== Segment start ==

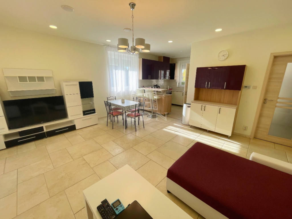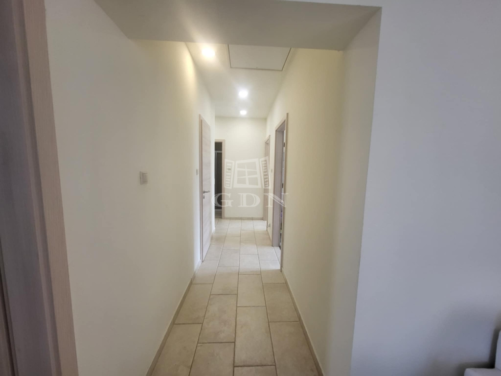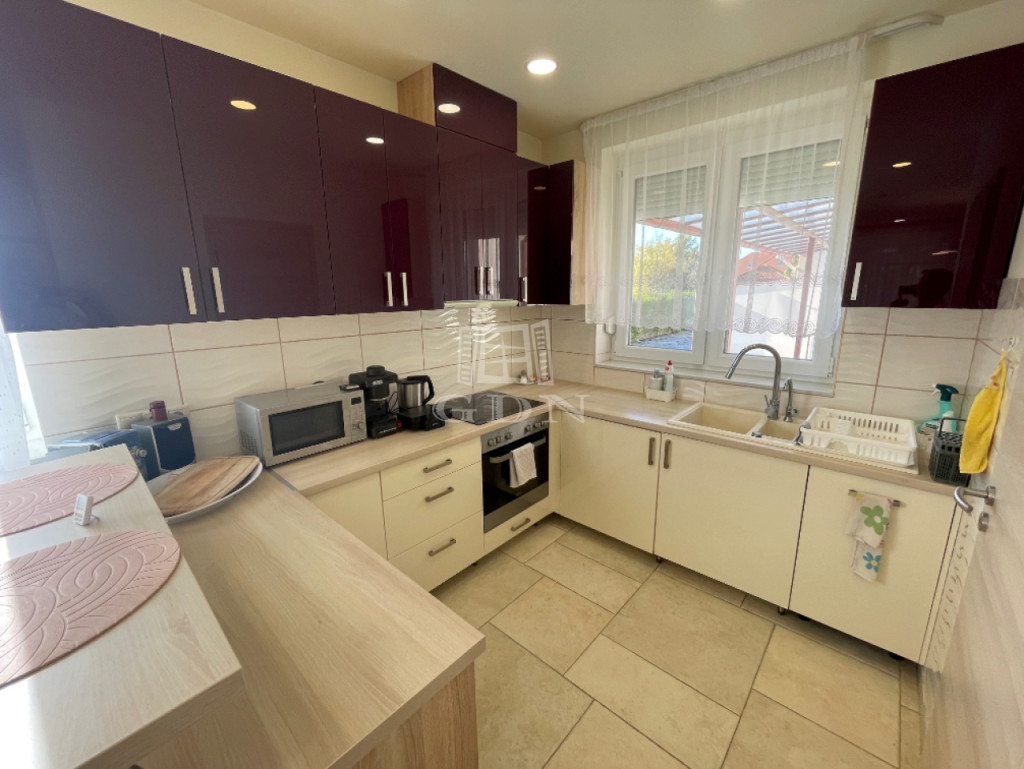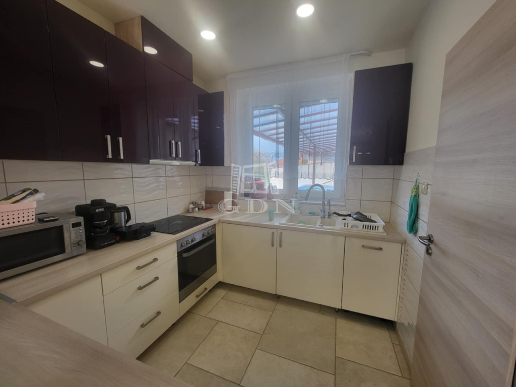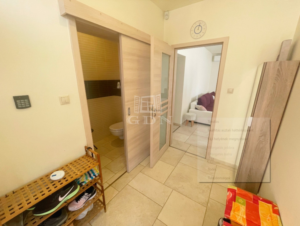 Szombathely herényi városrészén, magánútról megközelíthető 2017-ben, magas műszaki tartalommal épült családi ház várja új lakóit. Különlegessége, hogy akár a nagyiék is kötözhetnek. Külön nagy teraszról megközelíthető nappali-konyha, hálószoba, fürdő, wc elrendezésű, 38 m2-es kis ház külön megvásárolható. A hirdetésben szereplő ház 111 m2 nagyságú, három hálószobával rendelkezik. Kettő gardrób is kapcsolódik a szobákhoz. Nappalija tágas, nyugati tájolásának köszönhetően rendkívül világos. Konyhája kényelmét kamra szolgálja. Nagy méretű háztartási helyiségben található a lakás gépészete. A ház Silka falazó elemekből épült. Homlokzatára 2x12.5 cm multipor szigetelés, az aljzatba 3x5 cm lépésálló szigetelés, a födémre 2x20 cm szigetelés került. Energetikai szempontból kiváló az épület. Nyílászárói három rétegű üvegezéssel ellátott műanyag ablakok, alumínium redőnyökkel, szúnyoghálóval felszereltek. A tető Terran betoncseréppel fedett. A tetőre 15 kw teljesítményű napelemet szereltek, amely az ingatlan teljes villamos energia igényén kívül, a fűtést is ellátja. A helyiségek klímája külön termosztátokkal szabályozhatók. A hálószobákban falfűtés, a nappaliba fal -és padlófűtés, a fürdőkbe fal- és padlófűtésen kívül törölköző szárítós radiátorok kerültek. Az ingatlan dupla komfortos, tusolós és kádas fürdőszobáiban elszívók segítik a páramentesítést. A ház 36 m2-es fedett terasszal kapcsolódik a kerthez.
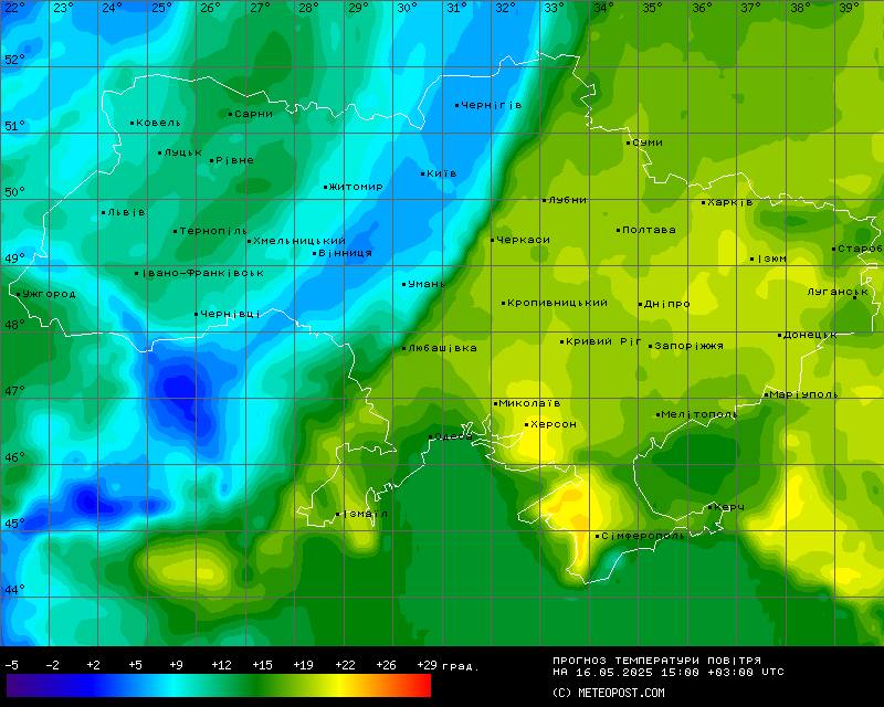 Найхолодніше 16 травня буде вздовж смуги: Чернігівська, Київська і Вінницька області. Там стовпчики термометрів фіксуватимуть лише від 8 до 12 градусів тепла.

== Segment end ==
== Segment start ==

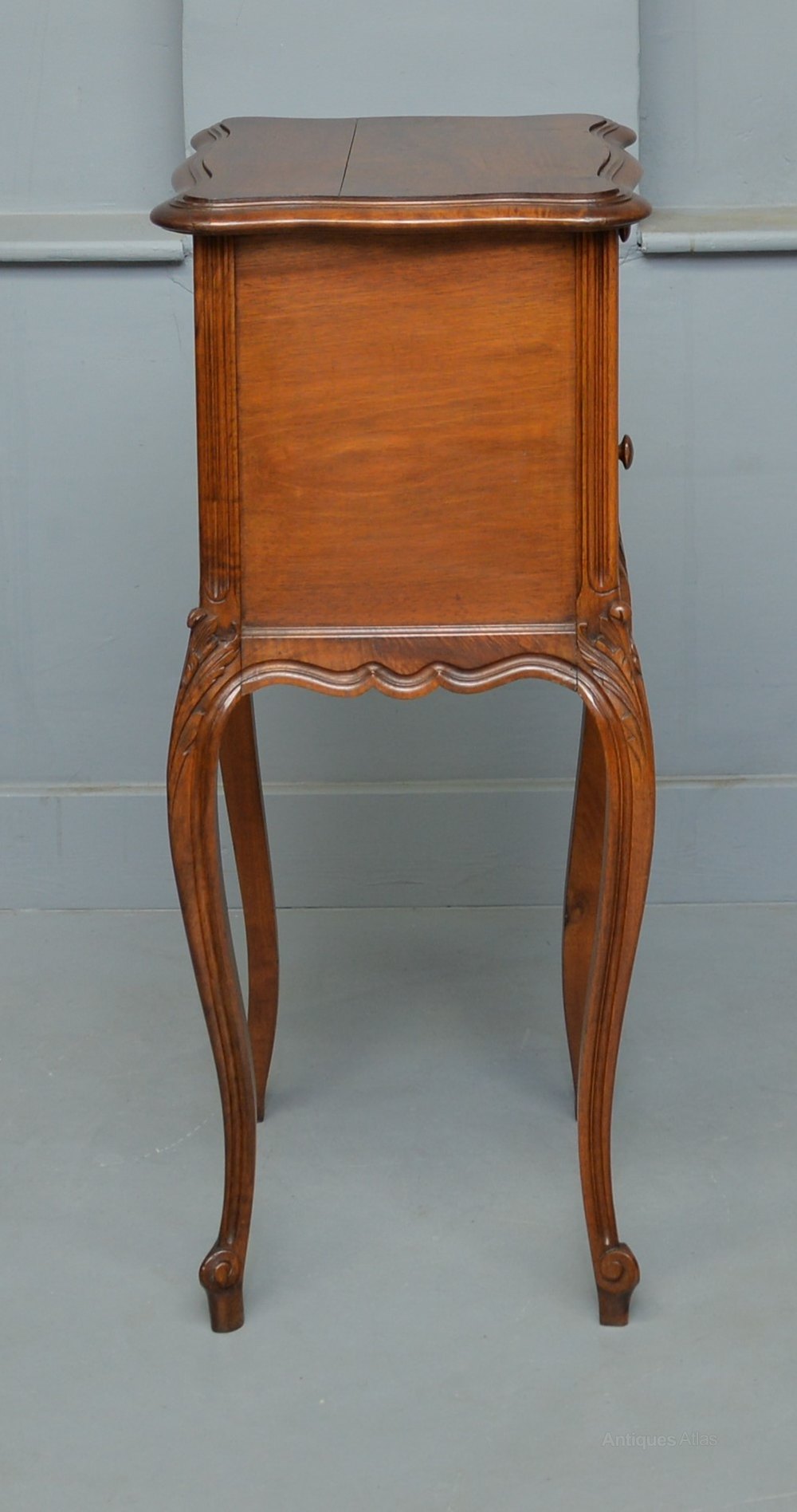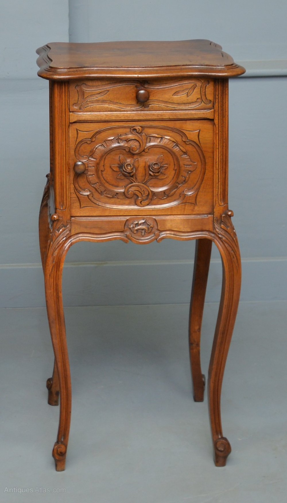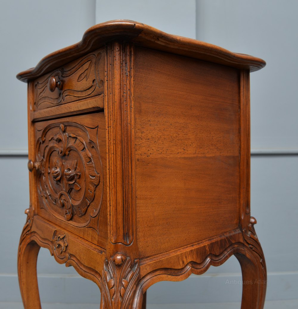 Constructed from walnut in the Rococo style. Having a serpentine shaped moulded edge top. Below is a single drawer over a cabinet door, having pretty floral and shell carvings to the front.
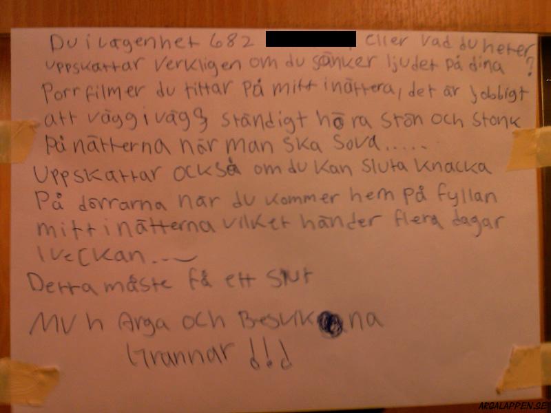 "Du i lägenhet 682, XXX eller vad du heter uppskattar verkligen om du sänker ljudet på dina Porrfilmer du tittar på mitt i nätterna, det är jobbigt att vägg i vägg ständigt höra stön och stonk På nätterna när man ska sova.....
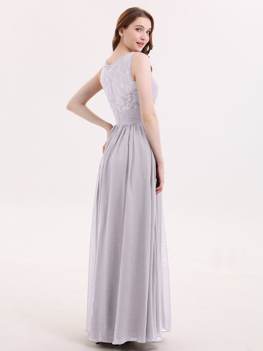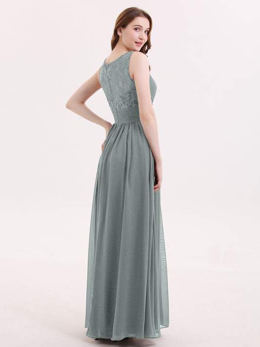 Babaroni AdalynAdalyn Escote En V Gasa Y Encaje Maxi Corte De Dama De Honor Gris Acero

== Segment end ==

• WHAT YOU NEED TO DO
Your answer is the exact run of lines above from the one with "Szombathely herényi városrészén, magánútról" through the one with "Найхолодніше 16 травня", both ends included, minus any picture.

• TASK ANSWER
 Szombathely herényi városrészén, magánútról megközelíthető 2017-ben, magas műszaki tartalommal épült családi ház várja új lakóit. Különlegessége, hogy akár a nagyiék is kötözhetnek. Külön nagy teraszról megközelíthető nappali-konyha, hálószoba, fürdő, wc elrendezésű, 38 m2-es kis ház külön megvásárolható. A hirdetésben szereplő ház 111 m2 nagyságú, három hálószobával rendelkezik. Kettő gardrób is kapcsolódik a szobákhoz. Nappalija tágas, nyugati tájolásának köszönhetően rendkívül világos. Konyhája kényelmét kamra szolgálja. Nagy méretű háztartási helyiségben található a lakás gépészete. A ház Silka falazó elemekből épült. Homlokzatára 2x12.5 cm multipor szigetelés, az aljzatba 3x5 cm lépésálló szigetelés, a födémre 2x20 cm szigetelés került. Energetikai szempontból kiváló az épület. Nyílászárói három rétegű üvegezéssel ellátott műanyag ablakok, alumínium redőnyökkel, szúnyoghálóval felszereltek. A tető Terran betoncseréppel fedett. A tetőre 15 kw teljesítményű napelemet szereltek, amely az ingatlan teljes villamos energia igényén kívül, a fűtést is ellátja. A helyiségek klímája külön termosztátokkal szabályozhatók. A hálószobákban falfűtés, a nappaliba fal -és padlófűtés, a fürdőkbe fal- és padlófűtésen kívül törölköző szárítós radiátorok kerültek. Az ingatlan dupla komfortos, tusolós és kádas fürdőszobáiban elszívók segítik a páramentesítést. A ház 36 m2-es fedett terasszal kapcsolódik a kerthez.
 Найхолодніше 16 травня буде вздовж смуги: Чернігівська, Київська і Вінницька області. Там стовпчики термометрів фіксуватимуть лише від 8 до 12 градусів тепла.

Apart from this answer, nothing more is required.